- DATA RECORDS
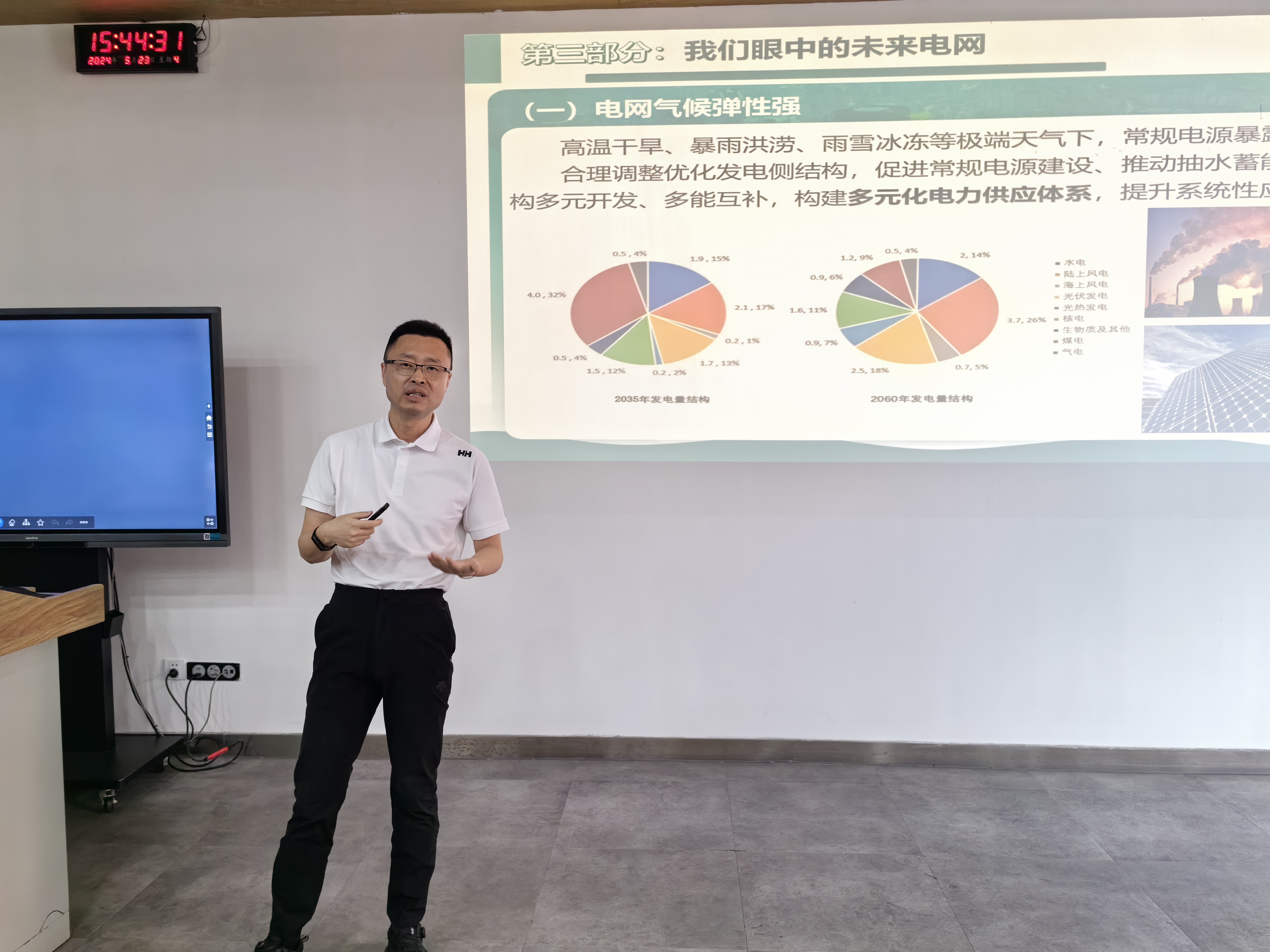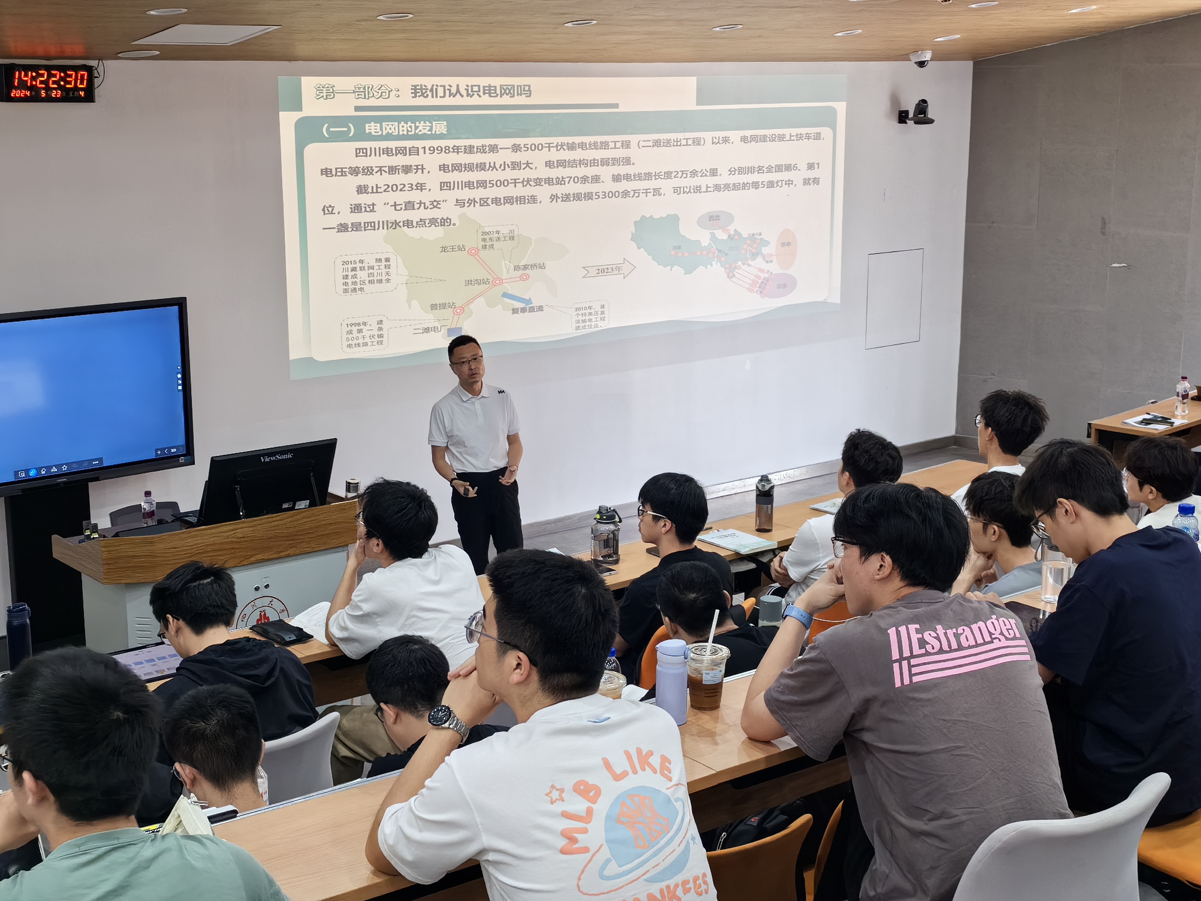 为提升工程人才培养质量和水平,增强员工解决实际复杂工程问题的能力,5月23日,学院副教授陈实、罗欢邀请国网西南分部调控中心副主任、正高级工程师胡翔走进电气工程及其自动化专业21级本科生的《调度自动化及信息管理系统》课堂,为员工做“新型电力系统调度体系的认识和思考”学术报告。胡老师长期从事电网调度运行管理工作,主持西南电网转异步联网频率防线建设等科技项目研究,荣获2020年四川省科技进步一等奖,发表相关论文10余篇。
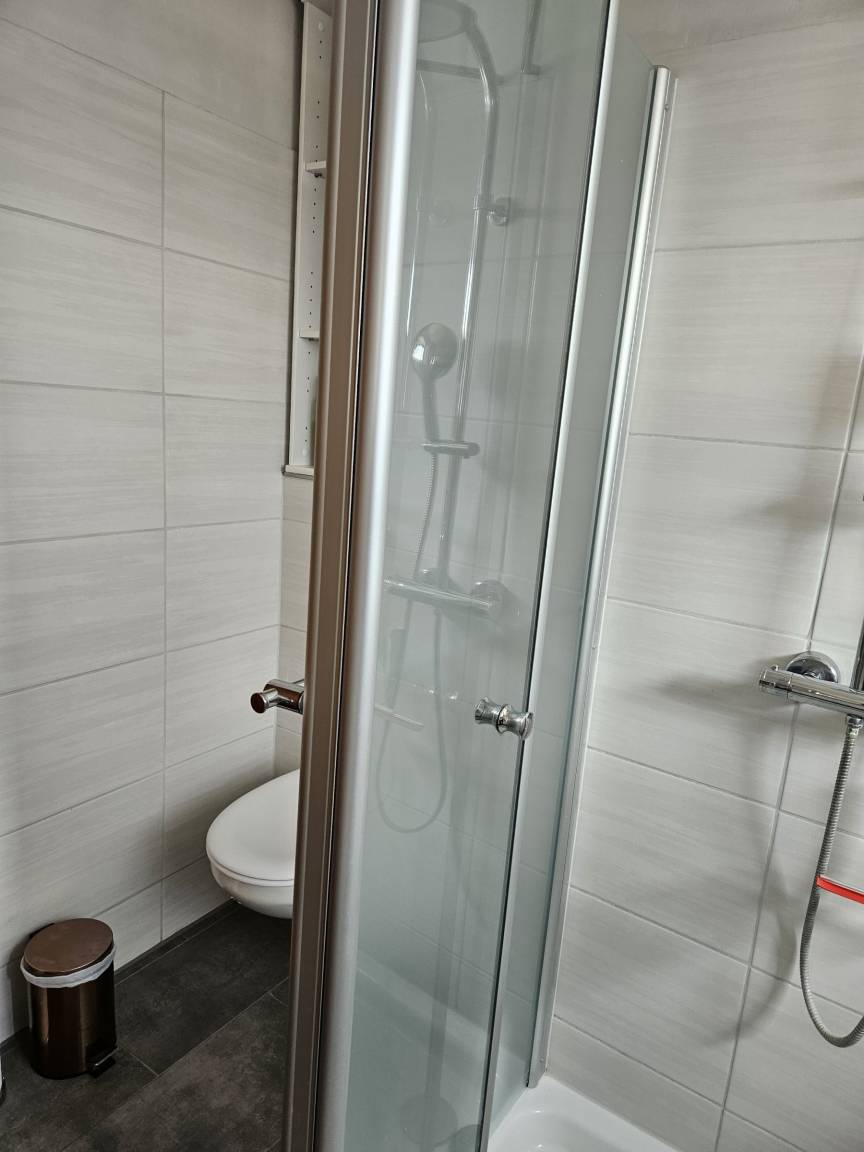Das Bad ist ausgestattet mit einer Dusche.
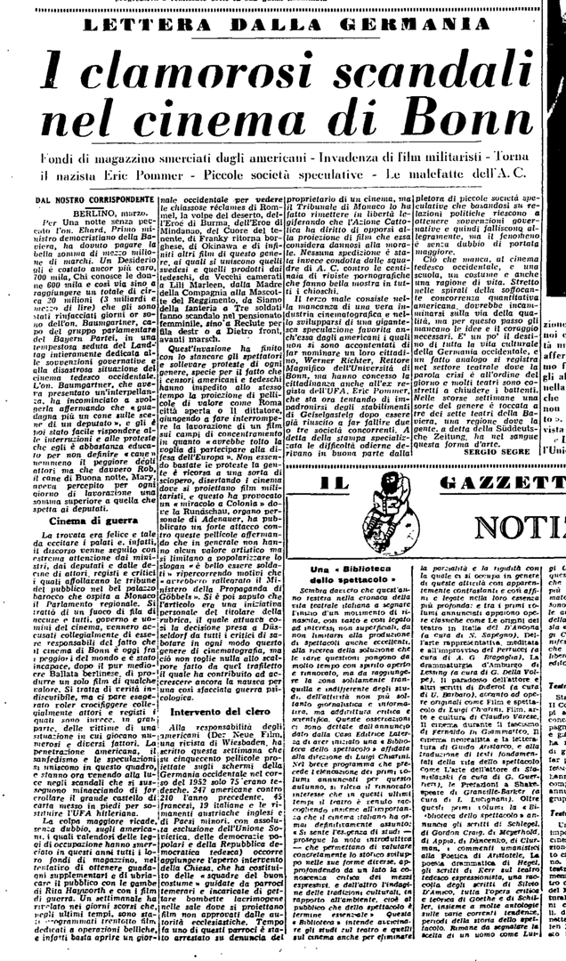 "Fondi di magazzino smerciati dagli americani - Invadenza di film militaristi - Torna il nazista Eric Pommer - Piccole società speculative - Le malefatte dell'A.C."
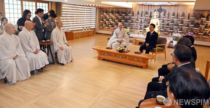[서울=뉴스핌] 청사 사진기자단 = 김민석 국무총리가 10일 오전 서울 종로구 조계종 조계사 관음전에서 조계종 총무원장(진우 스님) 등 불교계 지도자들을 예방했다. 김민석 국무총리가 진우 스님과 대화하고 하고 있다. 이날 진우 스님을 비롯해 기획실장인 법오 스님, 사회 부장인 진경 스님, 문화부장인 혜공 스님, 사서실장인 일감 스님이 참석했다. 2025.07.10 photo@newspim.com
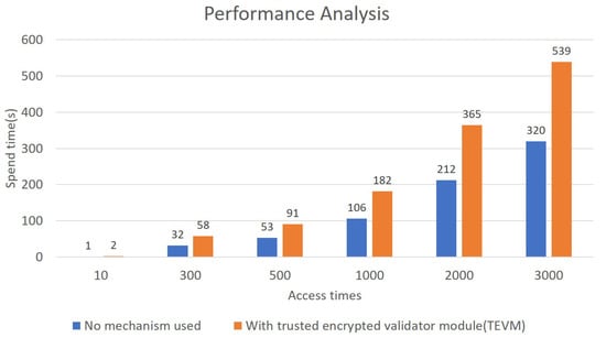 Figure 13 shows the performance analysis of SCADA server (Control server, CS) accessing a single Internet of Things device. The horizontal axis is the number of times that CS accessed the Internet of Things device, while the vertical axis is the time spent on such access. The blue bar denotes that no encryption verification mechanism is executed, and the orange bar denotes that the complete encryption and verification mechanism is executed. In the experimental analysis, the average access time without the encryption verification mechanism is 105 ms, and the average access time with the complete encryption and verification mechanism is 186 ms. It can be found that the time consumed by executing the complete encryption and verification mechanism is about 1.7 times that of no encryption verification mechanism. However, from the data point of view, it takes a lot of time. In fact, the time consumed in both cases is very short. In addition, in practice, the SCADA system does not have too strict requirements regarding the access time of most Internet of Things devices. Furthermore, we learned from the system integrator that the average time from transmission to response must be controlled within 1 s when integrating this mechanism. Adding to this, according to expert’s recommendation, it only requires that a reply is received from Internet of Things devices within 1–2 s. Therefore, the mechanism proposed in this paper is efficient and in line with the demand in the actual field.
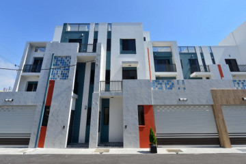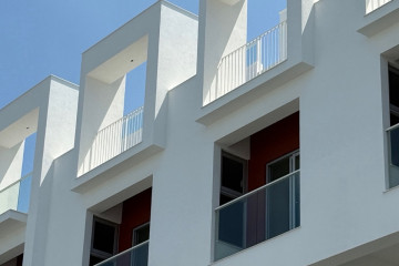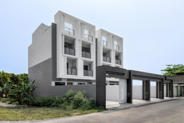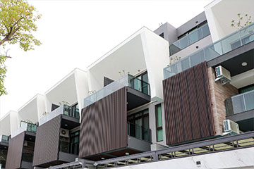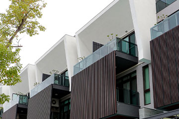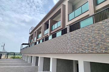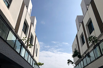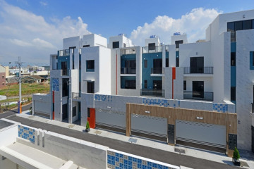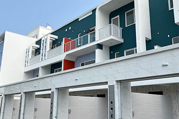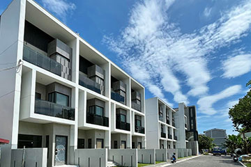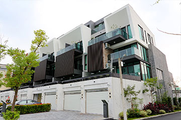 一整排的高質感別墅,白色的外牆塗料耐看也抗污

- WHAT TO PRODUCE
There should be an exact restatement of the lines from the line with "di magazzino smerciati" through the last line of the entries above, and no pictures in it.

- WORKED SOLUTION
 "Fondi di magazzino smerciati dagli americani - Invadenza di film militaristi - Torna il nazista Eric Pommer - Piccole società speculative - Le malefatte dell'A.C."
[서울=뉴스핌] 청사 사진기자단 = 김민석 국무총리가 10일 오전 서울 종로구 조계종 조계사 관음전에서 조계종 총무원장(진우 스님) 등 불교계 지도자들을 예방했다. 김민석 국무총리가 진우 스님과 대화하고 하고 있다. 이날 진우 스님을 비롯해 기획실장인 법오 스님, 사회 부장인 진경 스님, 문화부장인 혜공 스님, 사서실장인 일감 스님이 참석했다. 2025.07.10 photo@newspim.com
 Figure 13 shows the performance analysis of SCADA server (Control server, CS) accessing a single Internet of Things device. The horizontal axis is the number of times that CS accessed the Internet of Things device, while the vertical axis is the time spent on such access. The blue bar denotes that no encryption verification mechanism is executed, and the orange bar denotes that the complete encryption and verification mechanism is executed. In the experimental analysis, the average access time without the encryption verification mechanism is 105 ms, and the average access time with the complete encryption and verification mechanism is 186 ms. It can be found that the time consumed by executing the complete encryption and verification mechanism is about 1.7 times that of no encryption verification mechanism. However, from the data point of view, it takes a lot of time. In fact, the time consumed in both cases is very short. In addition, in practice, the SCADA system does not have too strict requirements regarding the access time of most Internet of Things devices. Furthermore, we learned from the system integrator that the average time from transmission to response must be controlled within 1 s when integrating this mechanism. Adding to this, according to expert’s recommendation, it only requires that a reply is received from Internet of Things devices within 1–2 s. Therefore, the mechanism proposed in this paper is efficient and in line with the demand in the actual field.
 一整排的高質感別墅,白色的外牆塗料耐看也抗污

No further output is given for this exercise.